Вижу, вся женщина в расстройстве и в исступлении ума: я ее взял за руки и держу, а сам вглядываюсь и дивлюсь, как страшно она переменилась и где вся ее красота делась? тела даже на ней как нет, а только одни глаза среди темного лица как в ночи у волка горят и еще будто против прежнего вдвое больше стали, да недро разнесло, потому что тягость ее тогда к концу приходила, а личико в кулачок сжало, и по щекам черные космы трепятся. Гляжу на платьице, какое на ней надето, а платьице темное, ситцевенькое, как есть все в клочочках, а башмачки на босу ногу.
– Скажи, – говорю, – мне: откуда же ты это сюда взялась; где ты была и отчего такая неприглядная?
А она вдруг улыбнулася и говорит:
– Что? чем я нехороша?.. Хороша! Это меня так убрал милсердечный друг за любовь к нему за верную: за то, что того, которого больше его любила, для него позабыла и вся ему предалась, без ума и без разума, а он меня за то в крепкое место упрятал и сторожей настамовил, чтобы строго мою красоту стеречь…
И с этим вдруг-с как захохочет и молвит с гневностью:
– Ах ты, глупая твоя голова княженецкая: разве цыганка барышня, что ее запоры удержат? Да я захочу, я сейчас брошуся и твоей молодой жене горло переем.
Я вижу, что она сама вся трясется от ревнивой муки, и думаю: дай я ее не страхом ада, а сладким воспоминанием от этих мыслей отведу, и говорю:
– А ведь как, мол, он любил-то тебя! Как любил! Как ноги-то твои целовал… Бывало, на коленях перед диваном стоит, как ты поешь, да алую туфлю твою и сверху и снизу в подошву обцелует.
Она это стала слушать, и вечищами своими черными водит по сухим щекам, и, в воду глядя, начала гулким тихим голосом:
– Любил, – говорит, – любил, злодей, любил, ничего не жалел, пока не был сам мне по сердцу, а полюбила его – он покинул. А за что?.. Что она, моя разлучница, лучше меня, что ли, или больше меня любить его станет… Глупый он, глупый! Не греть солнцу зимой против летнего, не видать ему век любви против того, как я любила, так ты и скажи ему: мол, Груша, умирая, так тебе ворожила и на рок положила.

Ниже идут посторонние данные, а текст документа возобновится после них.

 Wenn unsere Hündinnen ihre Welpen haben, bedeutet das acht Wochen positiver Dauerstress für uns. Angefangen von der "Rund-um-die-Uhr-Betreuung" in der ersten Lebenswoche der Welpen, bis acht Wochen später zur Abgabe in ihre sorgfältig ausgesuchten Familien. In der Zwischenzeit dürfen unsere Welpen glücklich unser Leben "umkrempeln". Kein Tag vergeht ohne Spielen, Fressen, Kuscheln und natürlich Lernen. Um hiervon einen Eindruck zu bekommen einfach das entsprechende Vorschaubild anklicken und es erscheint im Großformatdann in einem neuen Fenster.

Я тут и рад, что она разговорилась, и пристал, спрашиваю:
– Да что это такое у вас произошло и через что все это сталося?
А она всплескивает руками и говорит:
– Ах, ни черезо что ничего не было, а все через одно изменство… Нравиться ему я перестала, вот и вся причина, – и сама, знаете, все это говорит, а сама начинает слезами хлепать. – Он, – говорит, – платьев мне, по своему вкусу, таких нашил, каких тягостной не требуется: узких да с талиями; я их надену, выстроюсь, а он сердится, говорит: «Скинь; не идет тебе»; не надену их, в роспашне покажусь, еще того вдвое обидится, говорит; «На кого похожа ты?» Я все поняла, что уже не воротить мне его, что я ему опротивела…

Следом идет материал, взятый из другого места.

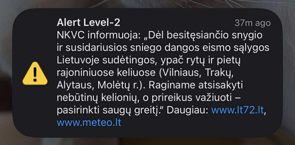 Gyventojai į mobiliuosius telefonus penktadienį gavo pranešimus, kuriais Nacionalinis krizių valdymo centras (NKVC) ragino atsisakyti nebūtinų kelionių, o prireikus važiuoti – pasirinkti saugų greitį.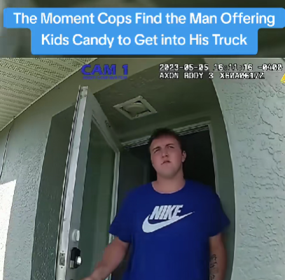 A chilling bodycam video has gone viral after showing officers confronting a man accused of offering candy to neighborhood kids in an attempt to convince them to approach his truck — a situation that quickly turned into one of the most alarming police encounters of the week.

И с этим совсем зарыдала и сама вперед смотрит, а сама шепчет:
– Я, – говорит, – давно это чуяла, что не мила ему стала, да только совесть его хотела узнать, думала: ничем ему не досажу и догляжусь его жалости, а он меня и пожалел…

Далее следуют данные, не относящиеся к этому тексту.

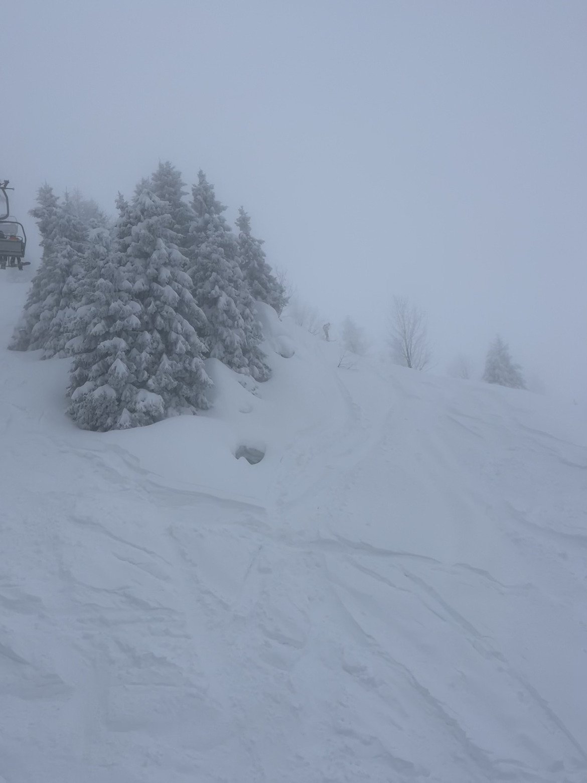 Un petit peu mitigée sur cette journée. Nous arrivons tôt, et pas grand monde à 8h30 au portillon du chamois. Nous sommes juste derrière NitroJere. Trop contente de voir un skipasseur en vrai;) Les hostilités commencent à 9h30. On entend le PIDA. En Haut du Chamois, pas de visibilité, on décide de faire du sapin côté combe Bédina. Aie, le fond est dur sous ces 20cm de poudre, ça part bien dans les pentes un peu raide, prudence... Bédina, damée avec 5 10 cm de poudre, c'est un régal, j'ai jamais était aussi vite. 2-3 rotations et on bascule sous le grand cerf. J'ai rarement vu autant de monde sur les liaisons. Sous le grand cerf, pas top, poudre sur le haut dans les coulés déjà déclenchées, glace, cartonnée sur la fin et tout ça dans le brouillard. Direction Oursière, pas mal le HP, encore de quoi tracer. Oursière est fermé, à priori, il y a eu une avalanche dans les vallons avec 1 ou 2 victimes. On remonte pour faire les plagnes, côté gauche, on trouve de la bonne neige avec un fond toujours dur mais zéro visibilité. J'entends des anglais qui me suivent "fucking Fog". En haut du grand cerf, je m'aperçois que l'on est passé en risque 4, alors que nous étions en 3 ce matin.

И рассказала-с она мне насчет своей последней с князем разлуки такую пустяковину, что я даже не понял, да и посейчас не могу понять: на чем коварный человек может с женщиною вековечно расстроиться?
Глава восемнадцатая
Рассказала Груша мне, что как ты, говорит, уехал да пропал, то есть это когда я к Макарью отправился, князя еще долго домой не было: а до меня, говорит, слухи дошли, что он женится… Я от тех слухов страшно плакала и с лица спала… Сердце болело, и дитя подкатывало… думала: оно у меня умрет в утробе. А тут, слышу, вдруг и говорят: «Он едет!» Все во мне затрепетало… Кинулась я к себе во флигель, чтобы как можно лучше к нему одеться, изумрудные серьги надела и тащу со стены из-под простыни самое любимое его голубое морйвое платье с кружевом, лиф без горлышка… Спешу, одеваю, а сзади спинка не сходится… я эту спинку и не застегнула, а так, поскорее, сверху алую шаль набросила, чтобы не видать, что не застегнуто, и к нему на крыльцо выскочила… вся дрожу и себя не помню, как крикнула:
«Золотой ты мой, изумрудный, яхонтовый!» – да обхватила его шею руками и замерла…
Дурнота с нею сделалась.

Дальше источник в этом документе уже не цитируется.